GIC, Manulife Singapore’s GIC Pte Ltd., barred from investing in Singapore itself, bought a half stake in London’s Broadgate office complex last year for more than 1.7 billion pounds ($2.8-billion), a record for a central London property.

In June, Citigroup Inc. paid a record HK$5.4-billion ($697-million) for a Hong Kong office tower that will bring most of its 5,000 employees under one roof. Canada’s Manulife Financial Corp. last year paid HK$4.5-billion for a similar-size tower and development in the city’s Kowloon district.

“Canadians are buying everywhere,” said Ross Moore, director of Canada research at CBRE Group Inc., the biggest commercial broker. “They are shopping the world. What’s happened in the last five to 10 years is the big pension funds pretty well own everything of quality in Canada. They love real estate and have all this money coming in and they have to put it somewhere.”

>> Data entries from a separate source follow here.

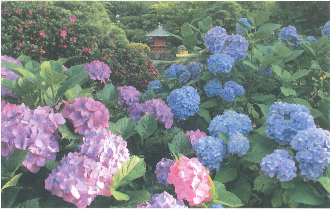
保和苑では、西洋あじさい・がくあじさいなど約100種6,000株が色鮮やかに咲き誇ります。 第45回水戸のあじさいまつり：6/9(日)～6/30(日)(保和苑及び周辺史跡)
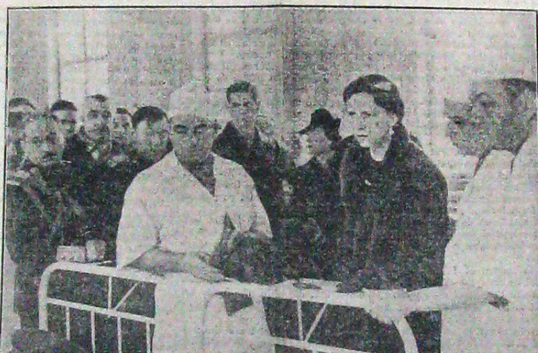
Majestatea Sa Regina Mama și Suveranul, interesandu-se la spitalul militar de starea ranitilor de pe urma cutremurului
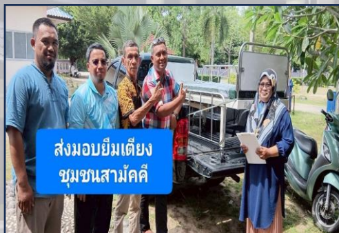
ส่งมอบยืมเตียง ชุมชนสามัคคี
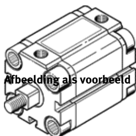
Abbeelding als voorbeeld

Einde productie. Leverbaar tot 2025. Zie het Support Portal voor alternatieve producten.
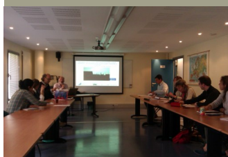
Journée du 15 juin 2012

1 : Association des Géographes Américains
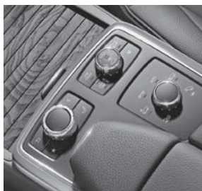
ON & OFFROAD-Paket
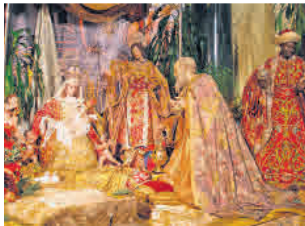
El portal situado en la parroquia de San Ginés
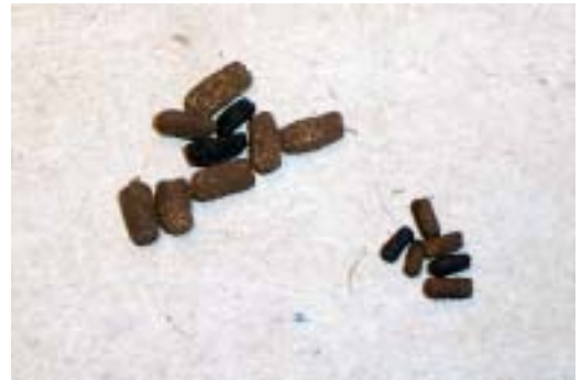
Figur 2. Spillning av läderbagge (vänster) och en guldbagge-art (höger). Läderbaggespillning är större och plattad, till skillnad från guldbaggar som har mindre, mer cylindrisk spillning. Yngre larver av läderbagge lämnar mindre spillning som är svårskild från spillning av Gnorimus -arter, varför man bör leta efter fullväxta larvers spillning som är 6-7 mm lång.

fragment från läderbaggar som förmodligen har legat länge i träden (Oddvar Hansen pers. medd.). Finland hyser en enda population utanför Åbo (Landvik 2000), medan läderbaggen i Danmark förekommer på ett tiotal små lokaler (Martin 1993). På den svenska rödlistan är läderbaggen placerad i hotkategorin VU (Sårbar) (Gärdenfors 2000). Läderbaggen har fått hög prioritet i EU:s habitatdirektiv (Luce 1996) och fungerar bra som indikatorart för skyddsvärda områden, eftersom den främst förekommer i halvöppna miljöer med gamla ädellövträd, som generellt är en mycket artrik miljö. När man jämfört lokaler med ihåliga ekar har det visat sig att det finns flera hålträdslevande skalbaggar där läderbaggen finns än i områden där läderbaggen saknas (Ranius 2002a). Läderbaggen har av dessa anledningar under de senaste åren varit föremål för ett omfattande skyddsarbete inom ett Life-projekt "Bevarandet av läderbaggen ( Osmoderma eremita ) och dess habitat i Sverige" (Antonsson 1999). Inom detta projekt har också ett åtgärdsprogram för arten utarbetats (Antonsson 2001).
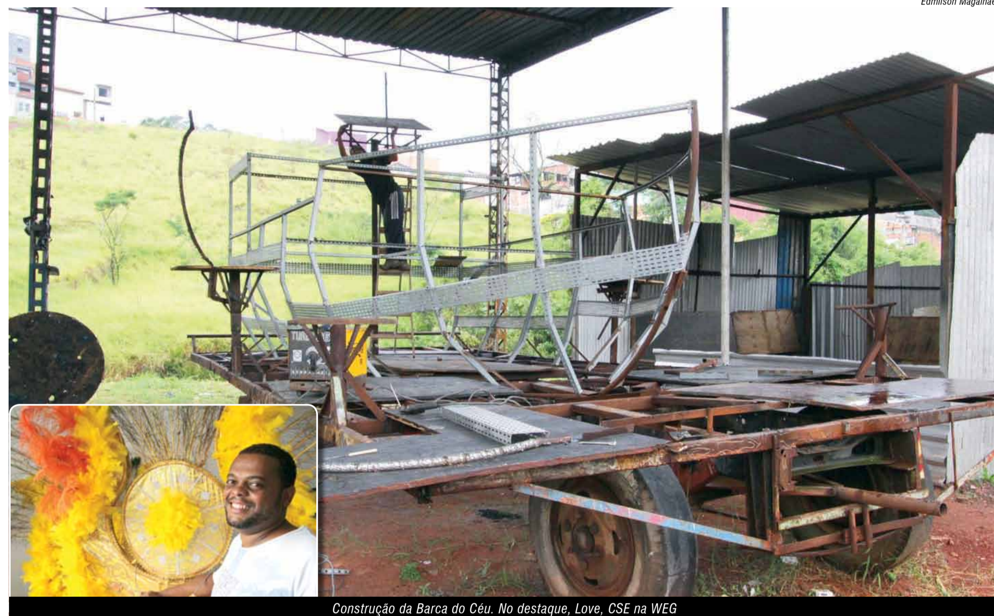
Construção da Barca do Céu. No destaque, Love, CSE na WEG
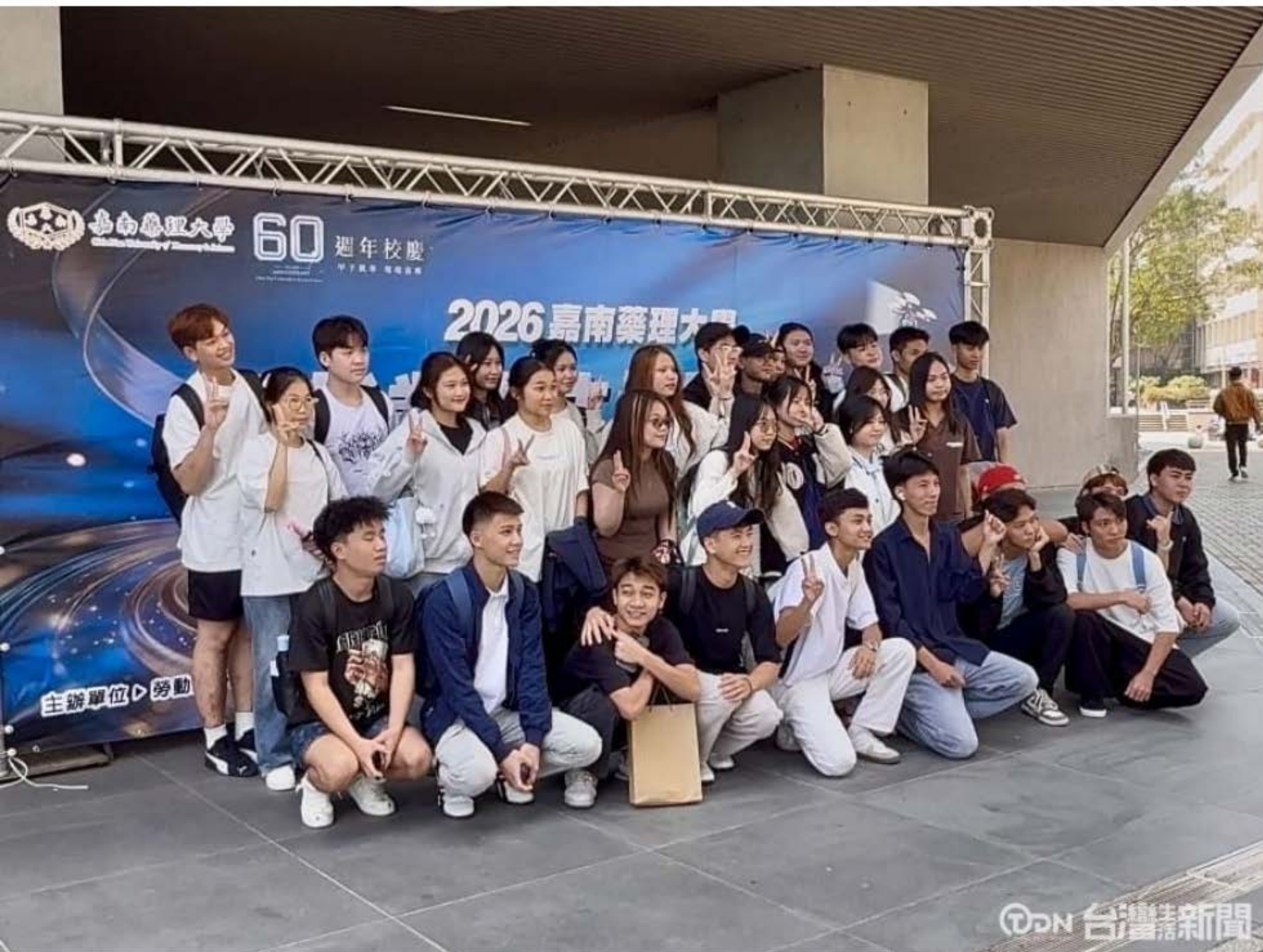
▲2026就業徵才博覽會，更提供千名友善外籍學生的工作機會。

現場參觀的學生非常的多，各家的廠商也提供清楚的說明，或是安排有趣的活動，讓學生可以在參觀的過程當中，認識更多的職業選擇。「2026就業徵才博覽會」會一直到19日為止，現場有醫療、美妝及餐旅等多元的廠商，開出將近3000個職缺，更包含了1250個友善外籍生的職缺，希望可讓每一個學生，都有探索不同職涯的新選擇。
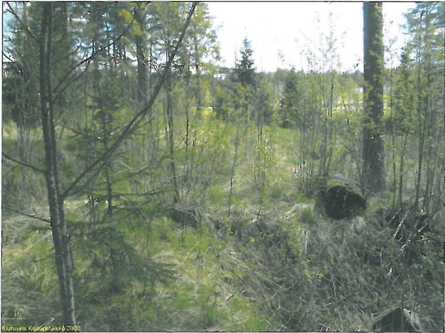
Kiuruvesi, Kallioleikkö 2008
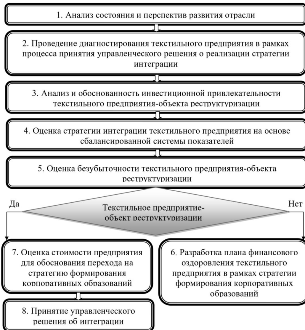
Рисунок 5 - Блок-схема организационно - экономического механизма формирования интегрированных корпоративных образований в текстильной промышленности

При этом под механизмом формирования интегрированных корпоративных образований в текстильной промышленности следует понимать систему организации последовательного взаимодействия элементов, реализация которого позволяет инвестору принять обоснованное управленческое решение об интеграции.
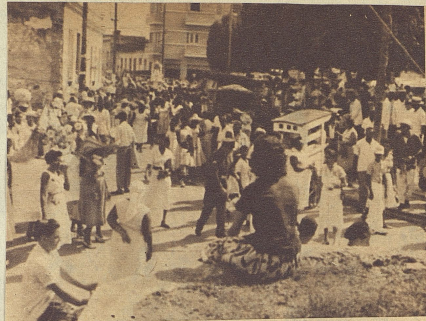
El cabildo enfile por la calle Maceo en dirección al cementerio. Centenares de creyentes siguen la ruta de los santos de "Omi-Toqué".
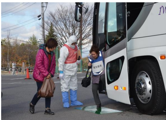
避難退域時検査(住民誘導) (三春町運動公園駐車場)
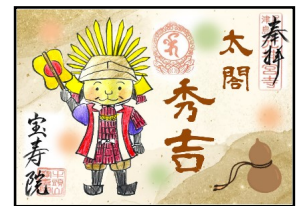
▲宝寿院の絵付御朱印
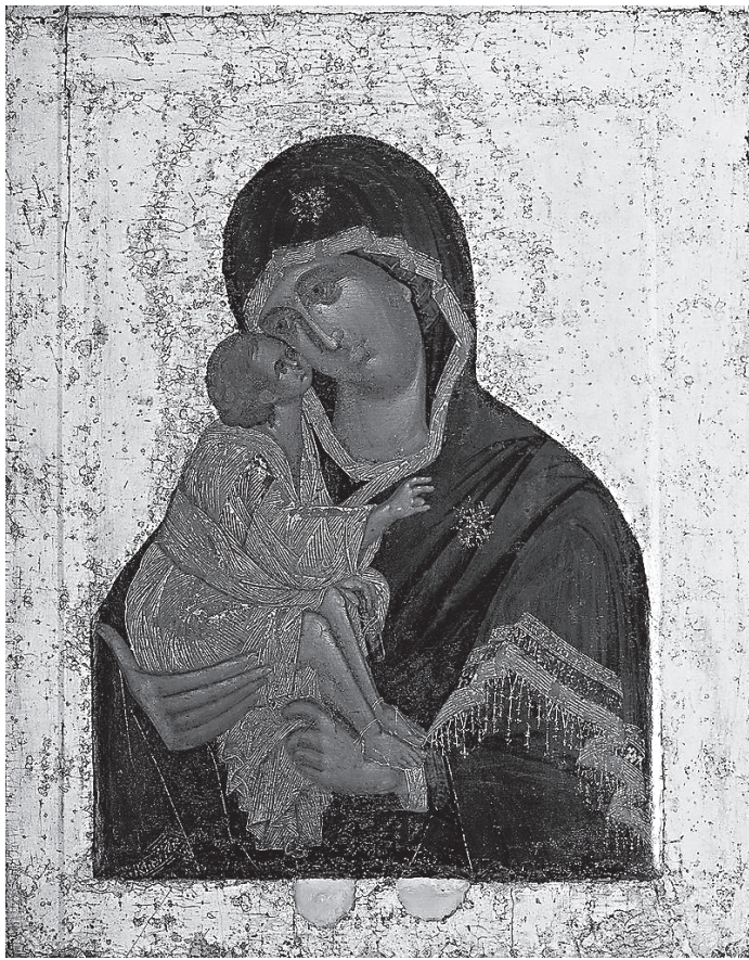
Икона Божией Матери «Донская»

Страшные нападения полчищ татарских, целых два столетия порабовавших Россию, казалось, должны были уничтожить не только ее могущество, но и самое бытие, но народ рус-
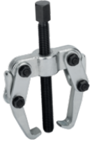
Extractor de três braços 4543-2
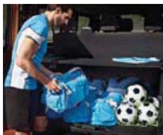
Coffre volumineux avec tablette rabattable
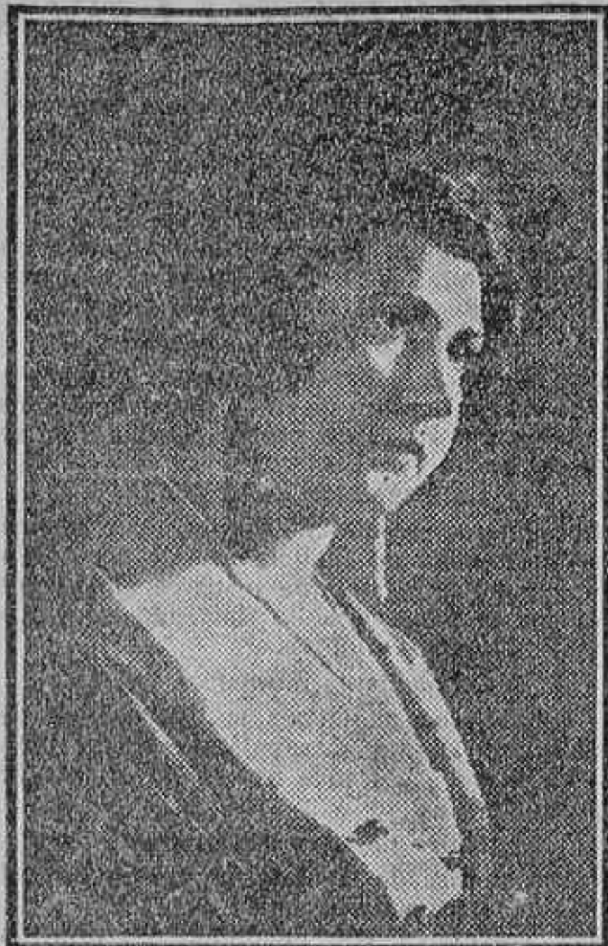
La primera actriz, Matilde Rivera
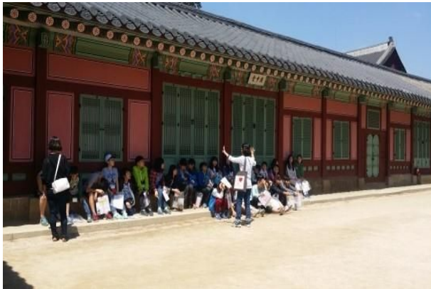
초등학교 현장체험 수업
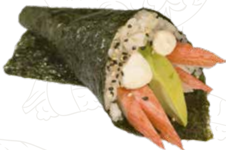
48 CALIFORNIA TEMAKI 4,00 €
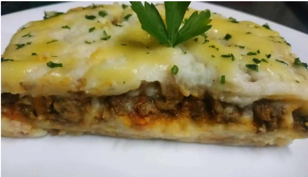
Rotiseria riquelme treinta y tres
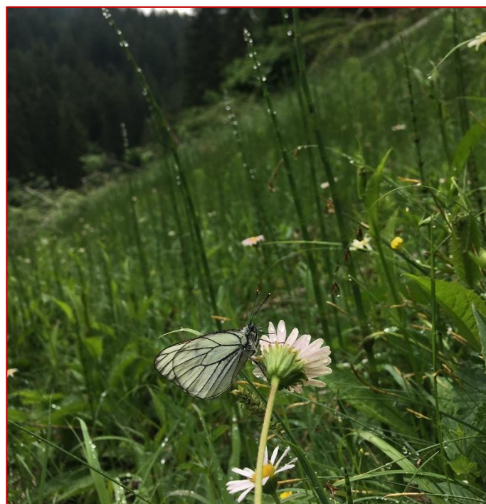
Der Baumweißling, ein Wildbestäuber

Wir würden uns freuen, viele Gäste und Einheimische demnächst bei einer der zahlreichen Veranstaltungen begrüßen zu dürfen und wünschen Euch in diesem Sinne einen schönen Sommer und bis bald im Naturpark Weißbach!
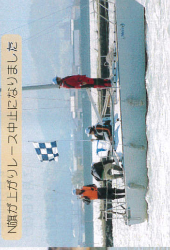
N旗が上がりレース中止になりました
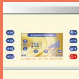
- Schermo LCD touch screen - LCD touch screen monitor - Ecran tactil LCD

• NOUVEAU REBORD ERGONOMIQUE en acier inox avec un petit tapis anti-dérapant pour poser le seau ou un autre récipient en évitant ainsi de le poser directement par terre et donc le risque d'éventuelles contaminations externes.
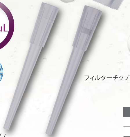
フィルターチップ
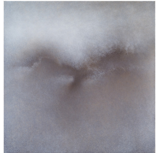
Toru Kaneko Espace, 2018, acrylic on panel, 1760x1760mm

前回、同会場にて「EVOLVINGイメージの解体リアリティへの挑戦 / 2017年2月16日～2月27日」が、金子透と18名の作家による参加で開催されました。期間中、3,000名を超える来場がありました。今回はその第2弾です。
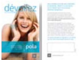
Flyer Pola pour accompagner les factures Réapprovisionnement M770226
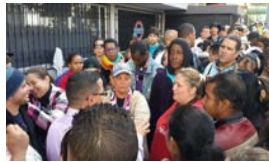
MÉXICO FRENA EL PASO DE CUBANOS
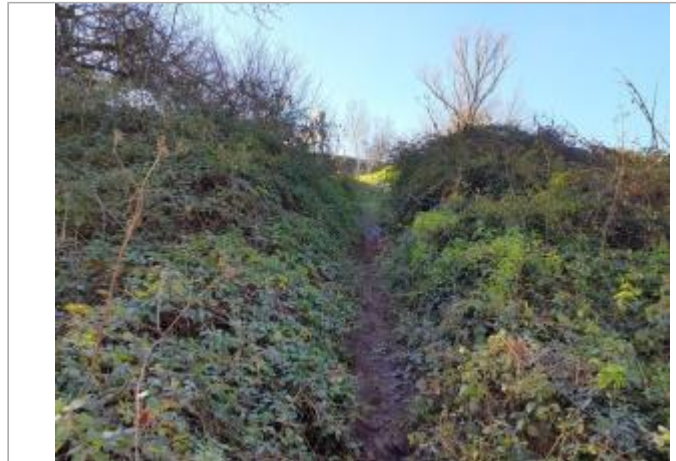
Débris végétaux au sol

Coordonnées WGS84 : X: 1.42956500 / Y: 43.57112840
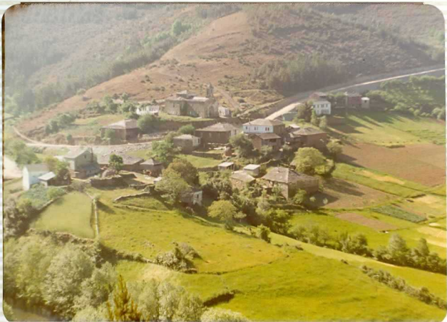
1.575.- Vista general de la Parroquia de Piquín. Valle del río Eo.

Toronto-based Brookfield Asset Management Inc. has started investing in European warehouse properties and Indian offices after accumulating the biggest holdings of office buildings in both the U.S. and Canada. The real estate unit of Ontario Teachers’ Pension Plan has been investing in Brazil as well as the U.K. and Australia. Canadian Pension Plan Investment Board has bought London residential, retail and office properties.

Easy targets
Markets such as the U.K. and Australia are easy targets for North American investors, Moore said.

“The ownership structures are familiar, the legal structures are very similar, they understand what they’re getting into and the transparency is good,” he said.

In Japan, where interest rates are near zero thanks to central bank stimulus, investors can borrow cheaply to buy buildings whose rents translate into an investment yield that’s three or more percentage points higher, said Sonny Kalsi, co– founder of GreenOak Real Estate, who previously led Morgan Stanley’s real estate investment unit.

Investment yields on properties are measured in terms of capitalization rate, a building’s net operating income divided by purchase price. A property valued at $100-million with income of $5-million a year would translate to a cap rate of 5 per cent.

Liquidity, stability
“Liquidity, stability and the view that rents have a lot of upside” are driving real estate investment in Japan, said Kalsi. “You can buy for a 4 to 6 per cent cap rate, and borrow at 1 to 2 per cent so there’s significant positive spread with real potential upside.”

By company, the international property ETF’s biggest holdings are Mitsui Fudosan Co., Japan’s second-largest developer; Brookfield Asset Management; Paris-based Unibail– Rodamco SE, the biggest developer in Europe; Scentre Group, the Westfield Group spinoff that owns shopping malls in Australia and New Zealand; and Land Securities Group Plc, the largest developer in the U.K.

ETF Gains
The SPDR International Real Estate ETF had a record 117.8 million shares outstanding as of Aug. 29 – a proxy for fund flows since more shares are created to meet demand – up from 400,000 shares when the fund was formed in December 2006. The ETF has gained 10.3 per cent year to date with dividends reinvested, compared with 9.8 per cent for the Standard & Poor’s 500 Index, the U.S. equity benchmark gauge.

Also paving the way for more real estate deals are the early stages of a rebound in the commercial mortgage-backed securities market in Europe and new REIT legislation in India.

Some investors say the heightened liquidity is a warning sign. Hyper-liquidity in 2007 was a prelude to the real estate crash, as the flood of debt made available through the CMBS market encouraged borrowers to pay ever higher prices.

Additionally, overbuilding in China on the residential and commercial side have kept some investors wary of putting money in Chinese properties.

“Asia’s tough,” said Moore. “You think everybody should go there but that’s also where a lot of the construction is occurring. No sooner do you buy something than a new building competing for your tenants goes up.”

Real estate companies’ earnings are rising faster than interest rates and as long as that remains the case, demand and asset values will likely hold up, said State Street’s Mazza.

“If we get to a place where leverage because of the excess liquidity is increasing faster than revenue growth and earnings, that is a sign there is some overheating,” he said. “We don’t see that at present.”